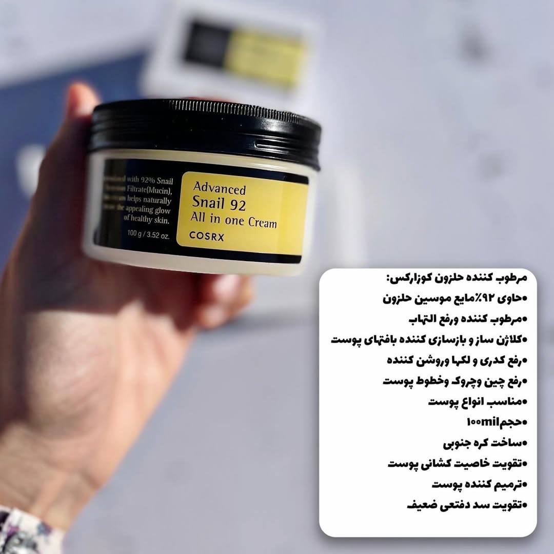 اسنس كوزاركس : بافت سرمى داره حاوى ۹۶درصد موسين حلزونه و خاصيت جوانسازى و رفع لك و ترميم كنندكى داره و بعدش خصوصا اكَه پوستتون خشك باشه احتياج به مرطوب كننده داريد و حتما روى پوست نم دار بزنيد !! ساخت:کره كرم مرطوب كننده كوزاركس: حاوى ٩٢درصد موسين حلزونه به رفع التهاب,چین و چروک كمك ميكنه و كلاژن سازه و خاصيت مرطوب كنندكى داره. ساخت:کره #اسنس_حلزون#مرطوب_کننده_حلزون#ابرسان
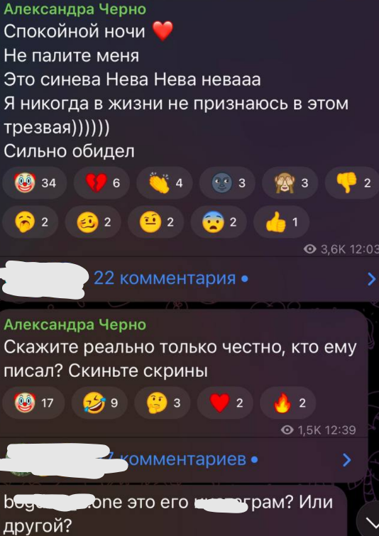 Расплескалась синева и понеслось. После съемочного дня Черно уехала в караоке, где проводила время с приятелем Максимом, кстати, в него она тоже была влюблена и эту историю мы обсуждали на шлоке - приходить на проект Максим категорически отказался. Зато Богдан был на проекте и за это расплачивается до сих пор.
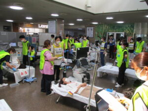 訓練には職員約150名に加え、学生ボランティア、仙台市消防局、県外のDMATなどが参加し、実践的な対応を通じて課題や改善点を共有しました。
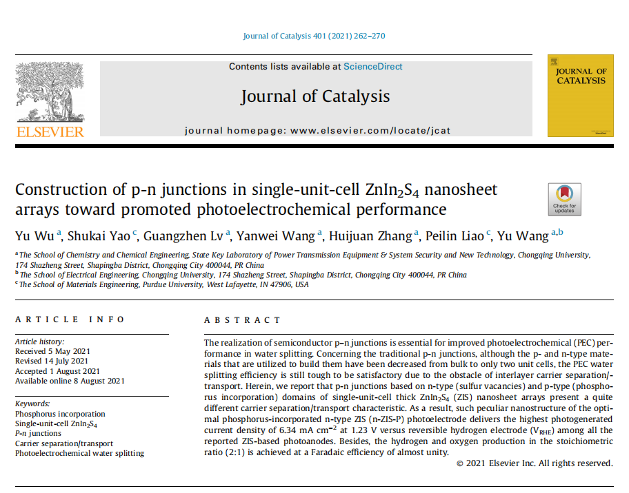 Construction of p-n junctions in single-unit-cell ZnIn2S4 nanosheet arrays toward promoted photoelectrochemical performance | Journal of Catalysis
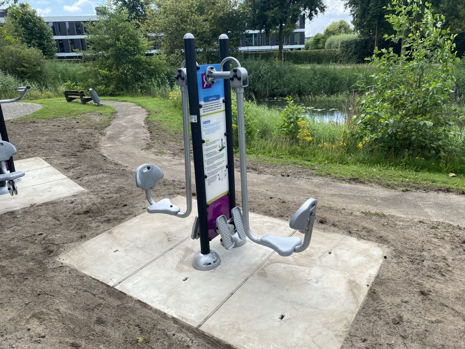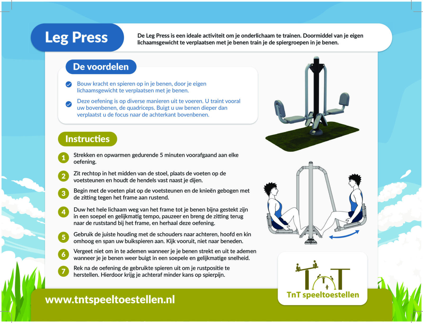De Leg press is een outdoor fitnesstoestel dat niet alleen de bovenbeenspieren traint maar ook de hamstrings (deze houden de knieën stabiel), de bilspieren (zodat je de heupen kunt strekken bij het wegduwen) en de kuiten en enkels. Op het bijbehorende instructiebord vind je alle informatie over de uit te voeren training als ook extra oefeningen die je op het fitnesstoestel kunt doen. De Leg Press is in verschillende kleuren en kleurstellingen leverbaar. Vraag ons naar de mogelijkheden.
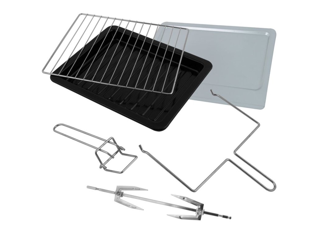 Příslušenství: plech na pizzu, grilovací rošt, chňapka na hrnce, sada na rožeň
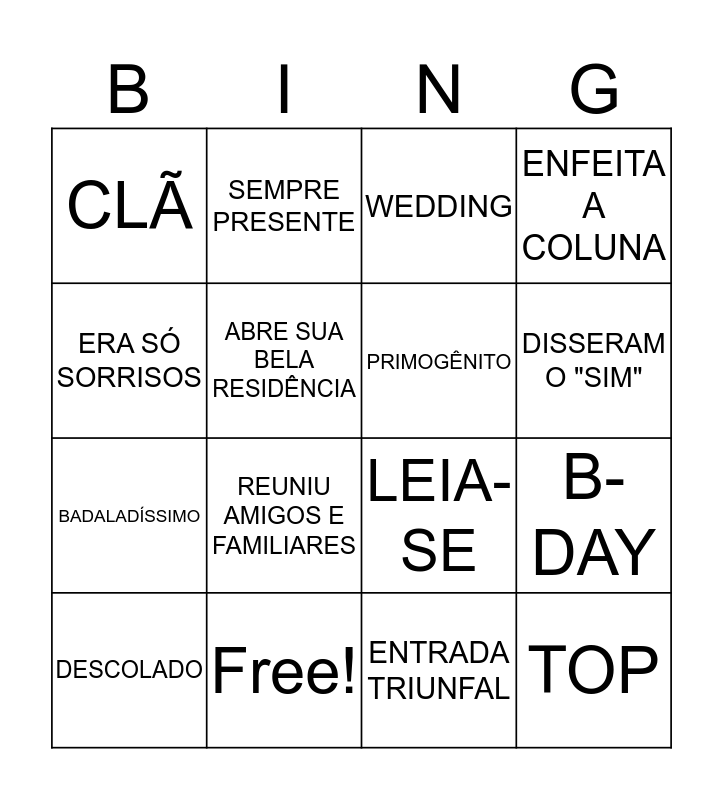 This bingo card has 21 words: Free!, COLUNÁVEIS, SEMPRE PRESENTE, LOOK, ENTRADA TRIUNFAL, PRIMOGÊNITO, CLÃ, WEDDING, LEIA-SE, DISSERAM O "SIM", BADALADÍSSIMO, ENFEITA A COLUNA, TOP, PARADISÍACO, ABRE SUA BELA RESIDÊNCIA, CONCORRIDO EVENTO, DESCOLADO, REUNIU AMIGOS E FAMILIARES, ERA SÓ SORRISOS, B-DAY and TEMPORADA.
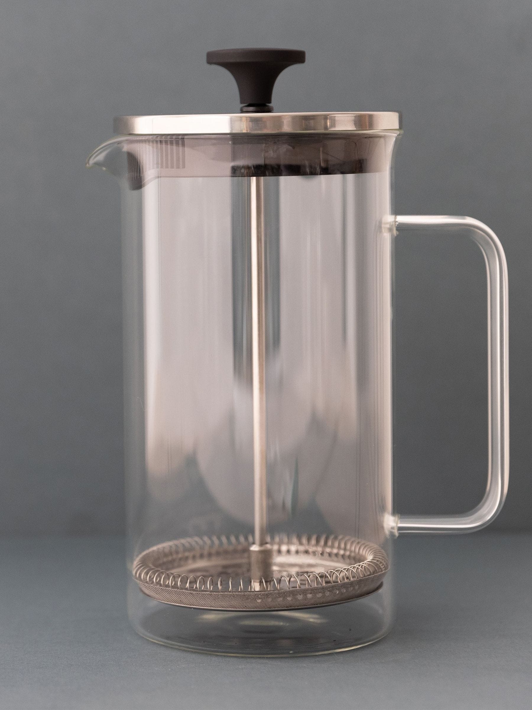 If you like simple, modern style, you'll love this borosilicate glass French press from La Cafetière. With its clean, sophisticated silhouette and looping handle, it will add a sense of understated elegance to your coffee table. Most impressive of all, however, is its perfectly clear all-glass beaker. With minimal metal detailing, it makes your coffee the centre of attention, so you can watch as it swirls and brews through the glass. And once it's brewed? Expect to enjoy delicious cup after delicious cup. This glass coffee cafetiere is fitted with a reusable, rust-resistant stainless steel filter. Its fine mesh extracts flavour while keeping grounds contained, so every sip is smooth and delicious. Friends can share the experience, too. The cafetiere has a 1 litre (1.5 pint) capacity, which equates to eight small coffee cups or around three full mugs. Like all La Cafetière products, it's built to last, with a borosilicate glass beaker and stainless steel lid and filter. The glass is thermal shock tested for worry-free use, and the stainless steel is rust and odour resistant, so minimal maintenance is required. The beaker is dishwasher safe, and the metal components disassemble, so cleaning is quick and easy. Comes securely packed in an attractive La Cafetière box for easy gifting. Spare filter included.
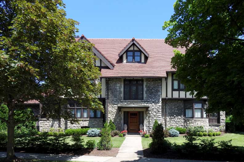 ![]() Tudor Revival ![]() Half-timbering bay and dormer (detailed below:) ... Onondaga limestone ![]() ![]() ![]() Terra cotta roof ![]() ![]() Leaded glass ribbon windows with stained glass center coat of arms (detailed below:) ![]() ![]() Tudor Revival plank door ... Leaded glass side lights ... Gibbs surround ... Onondaga limestone (detailed below:) ![]() Onondaga limestone ![]() View from Lincoln Parkway at Middlesex Road |

**THE PROBLEM**
Once the line with "This bingo card" is found in the data above, reproduce it and each line after it exactly, through the line with "If you like". Omit the pictures.

**RESPONSE AREA**
 This bingo card has 21 words: Free!, COLUNÁVEIS, SEMPRE PRESENTE, LOOK, ENTRADA TRIUNFAL, PRIMOGÊNITO, CLÃ, WEDDING, LEIA-SE, DISSERAM O "SIM", BADALADÍSSIMO, ENFEITA A COLUNA, TOP, PARADISÍACO, ABRE SUA BELA RESIDÊNCIA, CONCORRIDO EVENTO, DESCOLADO, REUNIU AMIGOS E FAMILIARES, ERA SÓ SORRISOS, B-DAY and TEMPORADA.
 If you like simple, modern style, you'll love this borosilicate glass French press from La Cafetière. With its clean, sophisticated silhouette and looping handle, it will add a sense of understated elegance to your coffee table. Most impressive of all, however, is its perfectly clear all-glass beaker. With minimal metal detailing, it makes your coffee the centre of attention, so you can watch as it swirls and brews through the glass. And once it's brewed? Expect to enjoy delicious cup after delicious cup. This glass coffee cafetiere is fitted with a reusable, rust-resistant stainless steel filter. Its fine mesh extracts flavour while keeping grounds contained, so every sip is smooth and delicious. Friends can share the experience, too. The cafetiere has a 1 litre (1.5 pint) capacity, which equates to eight small coffee cups or around three full mugs. Like all La Cafetière products, it's built to last, with a borosilicate glass beaker and stainless steel lid and filter. The glass is thermal shock tested for worry-free use, and the stainless steel is rust and odour resistant, so minimal maintenance is required. The beaker is dishwasher safe, and the metal components disassemble, so cleaning is quick and easy. Comes securely packed in an attractive La Cafetière box for easy gifting. Spare filter included.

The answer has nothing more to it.